Erroneous assumptions

Has anyone noticed that all of the Win32 documentation has something like this for each API:

Return Values

If the function succeeds, the return value is NO_ERROR.

If the function fails, the return value is one of the following error codes.

Value

Meaning

ERROR_INVALID_PARAMETER

Something about the ERROR_INVALID_PARAMETER error

Other

A system error code defined in WinError.h.

 I can’t think of the number of people who have complained about the last line in the table.  Why on Earth can’t Microsoft bother to document the errors returned from this API anyway?  Are they being stupid or something?

Actually the answer’s somewhat simpler.  We’ve been burned by doing this in the past, and we’re not willing to get burned again.

One of the pieces of memorabilia I have on my desk is a copy of the MS-DOS 2.0 reference manual (published by Microsoft in 1984).  On page 1-143, near the description of the Create Handle API (the MS-DOS equivilant of open()).  It indicates that the API has the following return values:

                        Carry set:
                        AX
                                    3 = Path not found
                                    4 = Too many open files
                                    5 = Access denied

That’s it.  Microsofts (and IBMs) documentation specified the complete set of errors returned by all the DOS APIs.  We told all our customers that the ONLY error codes that the INT 21, 0x3DH API would return are errors 3, 4, and 5.  And you know what?  Our customers believed us, and they wrote their apps with that assumption.

Well, along came DOS 3.1, which added support for networking.  And with that came a whole host of ways for the APIs to fail.  Things like “Network path not found” (the file is on a server and the server’s down).  Or “Sharing Violation” (someone else has the file open and they’re not letting you access the file).

Originally, the DOS developers just returned the new error codes, thinking that most app authors were smart enough to realize that there might be other error codes returned from the APIs in the future.  And we started testing.

And we discovered just how wrong that assumption was.  Apps crashed left and right.  EVERYONE’S apps crashed.  Why?  Because Microsoft and IBM had told them that they would never see any errors other than 3, 4 or 5.  And since RAM was at an absolute premium on these machines, they didn’t waste valuable code space on useless features like error checking for errors that could never ever be generated.  When your app is going to be running on a machine with 64K of RAM, then defensive programming becomes an optional feature.

So Microsoft invented the DOS error mapping table.  It defined a mapping from all the new error codes into the DOS 2.0 set of error codes.  To find the REAL error code, you called the “Get Extended Error” API which returned you the “real” reason for the failure.

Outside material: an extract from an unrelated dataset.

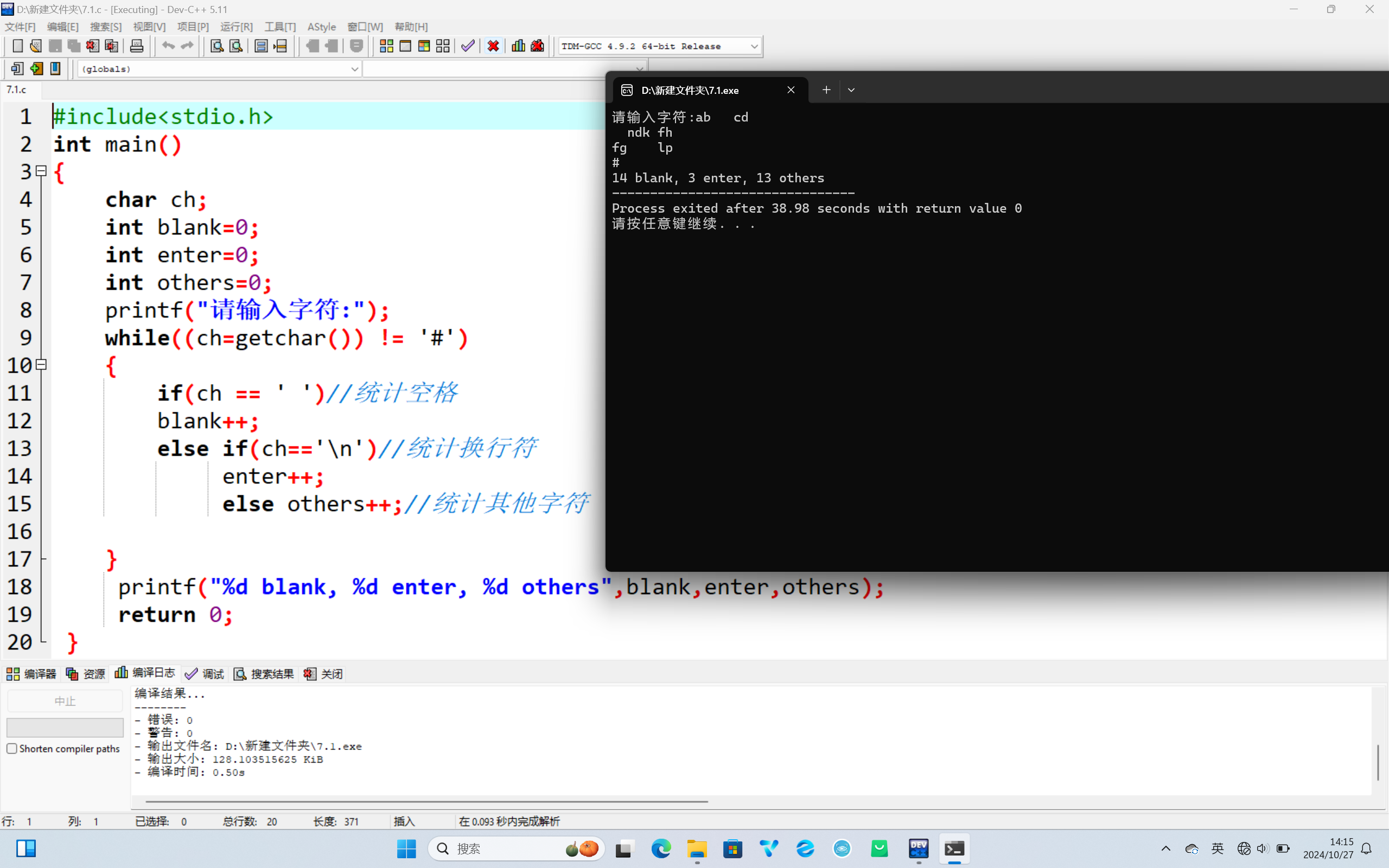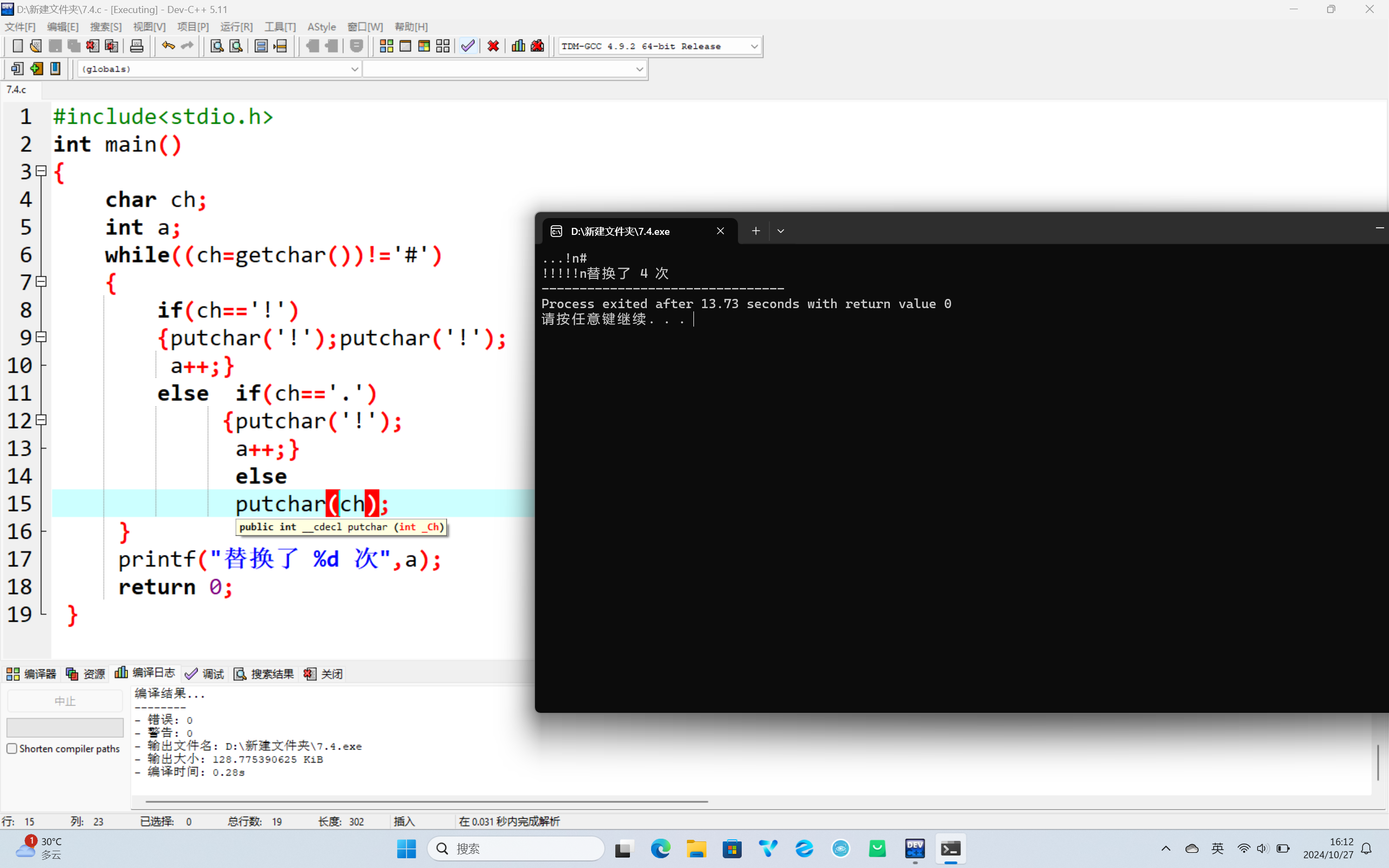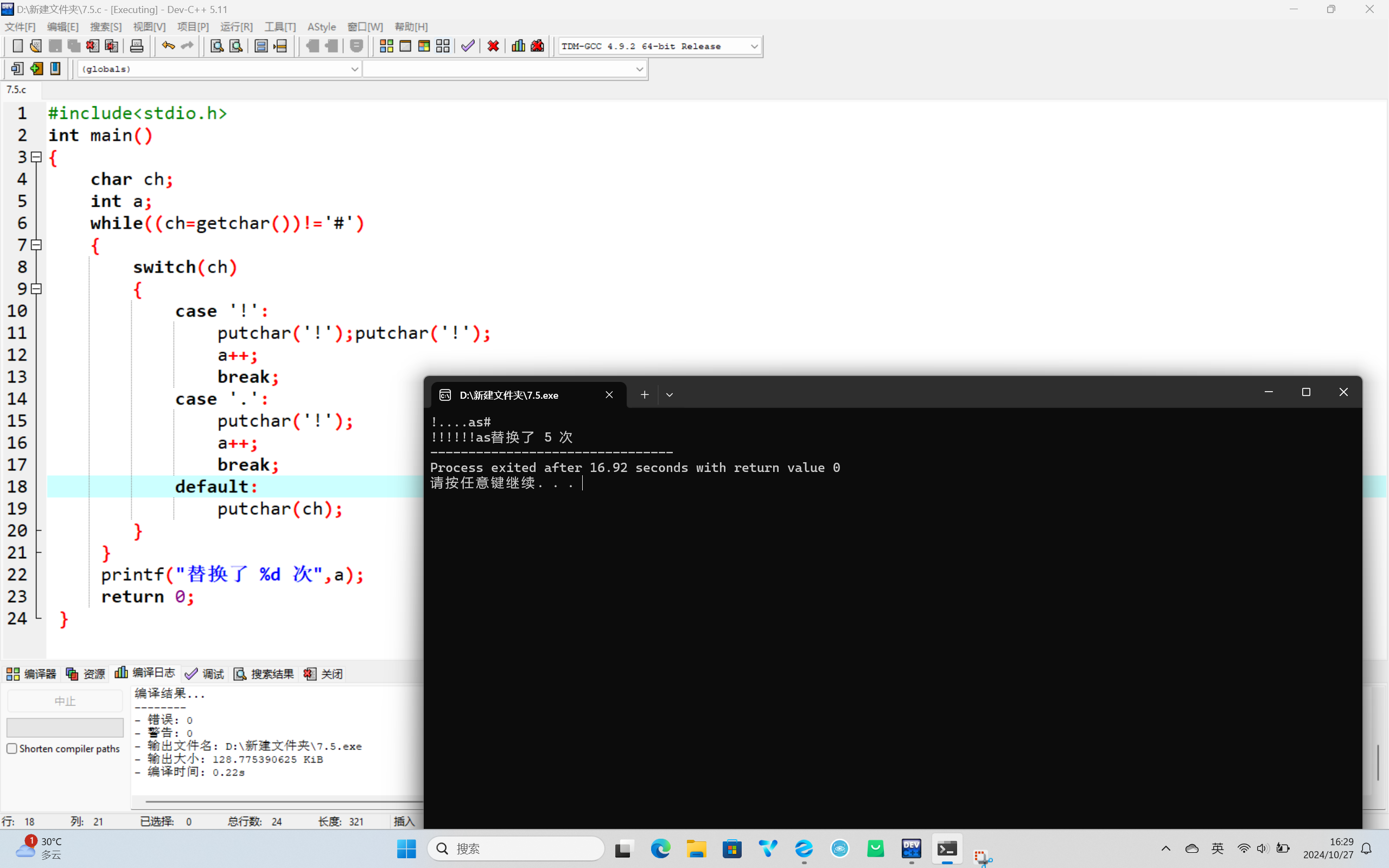 思考总结:题目好难 do while循环和putchar函数使用不熟练存在很多问题,而且审题不清楚;还需多加练习运用

This table still exists in the Longhorn source tree (just for grins, I looked it up the other day).  It’s in the NTVDM logic, so it’s not a part of any of the Win32 logic, but the bottom line is that it’s still there.  And it’s likely that we’ll never be able to get rid of it (at a minimum, we’re not going to be able to get rid of it until we get rid of the 16 bit DOS support, which isn’t gonna happen anytime soon).

And ever since then, Microsoft has refused to completely document the error codes from its APIs.  By not documenting the complete set of error codes possible, it moves the onus of handling new error codes from Microsoft to the application author, where it belongs.